Reducing inmate deaths, reducing acts of violence, addressing mental health needs and improving transparency are absolute imperatives for the struggling correctional system.

When prison officials seek information from the press and general public, especially when inmates die behind bars, it only engenders more suspicion and mistrust.

A lack of transparency heightens concerns about egregious conditions and the credibility of complaints.

People – and prisons – who have nothing to hide, just don’t hide.

Brunswick News. August 3, 2022.

Editorial: The Numbers Show the Film Industry’s Impact on Georgia

Last month, the world got its first glimpse of the long-awaited sequel to “Black Panther,” one of the most famous films of recent years. The trailer for “Black Panther: Wakanda Forever” was unveiled at San Diego Comic-Con, one of the biggest entertainment events in the world.
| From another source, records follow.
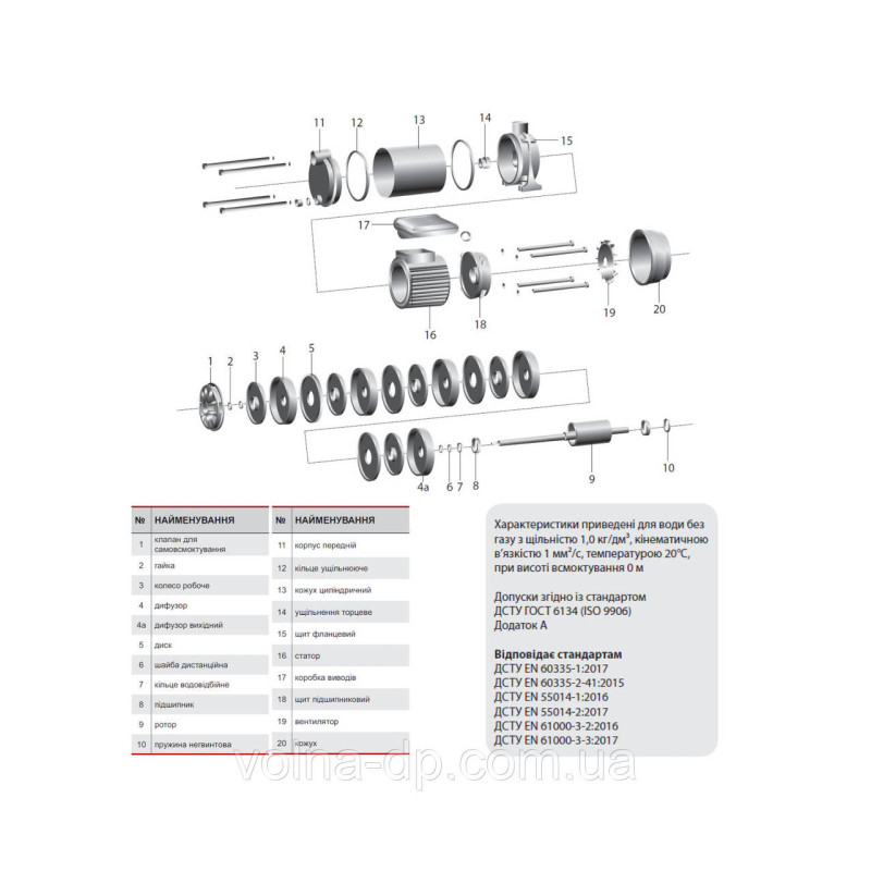 - перекачувальна рідина: вода або інші рідини, схожі з водою за щільністю та хімічною активністю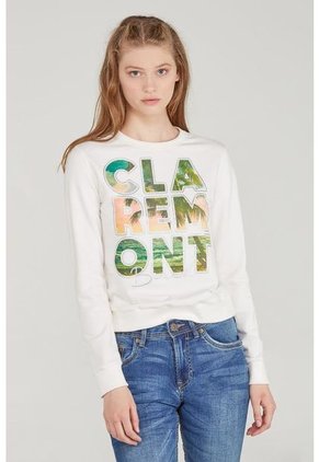 Buzo para mujer, en tela de cuerpo unicolor, estampado frontal en contraste, manga larga y cuello redondo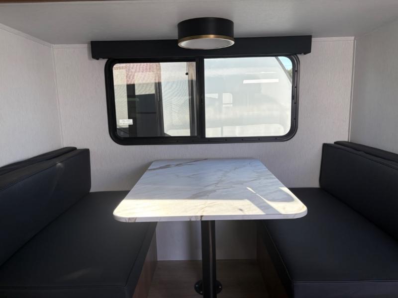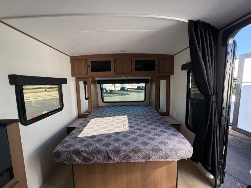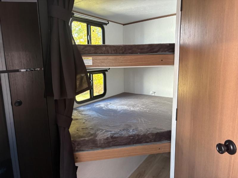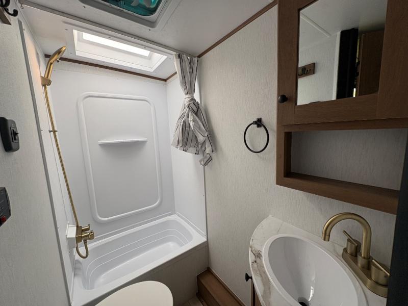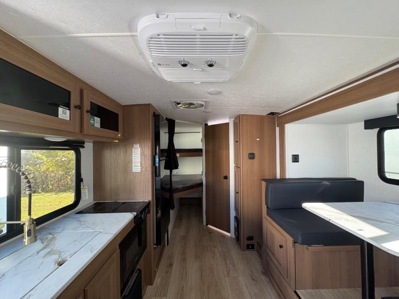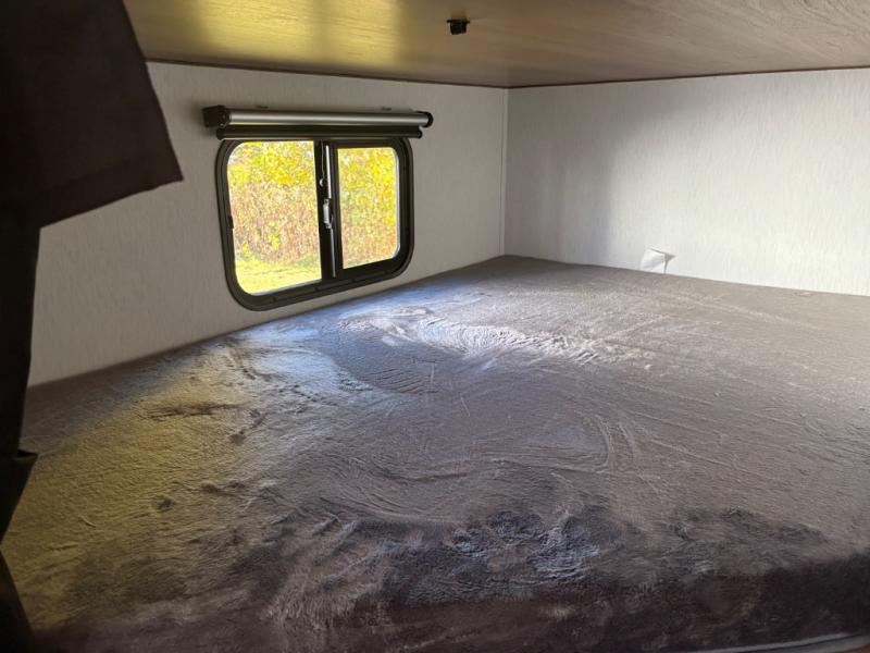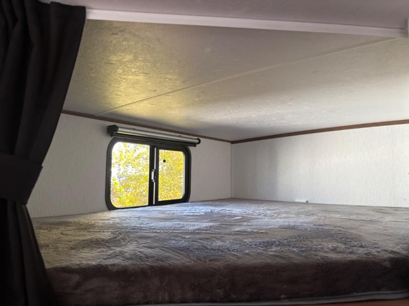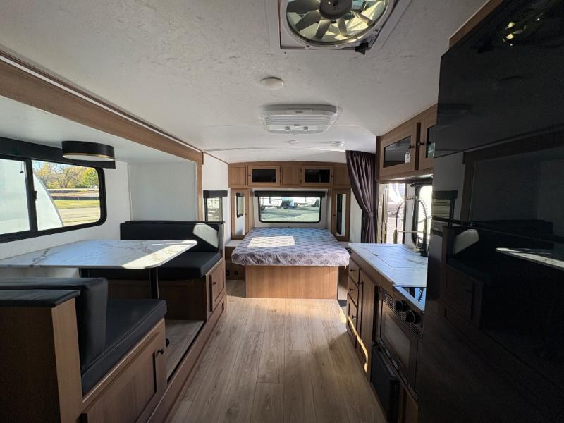 You and a few friends or family members can camp comfortably in this travel trailer! It features a front queen bed with wardrobes on either side to keep your clothes out of the way or you can switch it out for the optional Murphy bed for more versatility. Two others can sleep on the rear corner upper double bed and lower flip up double bed. After you have fried up some eggs on the two burner cooktop and heated up a piece of banana bread in the microwave, you can head to the booth dinette slide to enjoy it. There is even a pantry to store your coffee grounds and snacks. Now that your bellies are full, you can freshen up in the rear corner bathroom with the tub/shower.

While the timing is a big deal for movie and comic book fans, it’s also a big deal for Brunswick. Part of the film was shot at Mary Ross Waterfront Park last October and November. Once again, the Golden Isles will serve as the backdrop for a major film production.

It is also an example of how Georgia has become one of the most popular destinations for film and television productions. Governor Brian Kemp announced Monday that the film industry spent $4.4 billion in Georgia in fiscal year 2022, which ended June 30. This set a new record, surpassing the $4 billion the film industry spent in the state the previous year.

Georgia’s booming film industry can be attributed to a tax credit the General Assembly passed 14 years ago to encourage film and television productions to choose the Peach State over than other more expensive places.

This tax credit is arguably one of the most beneficial economic policies the state legislature has ever approved. Not only has it brought in billions and billions in revenue from productions choosing the state, but it has also created thousands of jobs as companies establish studios across the state, according to Capitol Beat News Service.

The Golden Isles have had their fair share of productions in the 14 years since the tax credit was introduced. Mutants came to Jekyll Island to film “X-Men: First Class” in 2010. Will Ferrell brought Ron Burgundy’s antics to St. Simons Island for “Anchorman 2: The Legend Continues” in 2013. Downtown of Brunswick morphed into Ybor City, Florida in the 1920s for Ben Affleck’s 2015 film “Live by Night.” The past two years alone have brought a Netflix TV show, a big Marvel movie, and a new adaptation of “The Color Purple” in our region, among other manufactures.

We hope that the studios will continue to bring their productions to the Islands. Glynn County has a lot to offer the film industry and through hard work many filmmakers and producers are beginning to see it. Whether in a theater or on our televisions at home, the Golden Isles provide the perfect backdrop.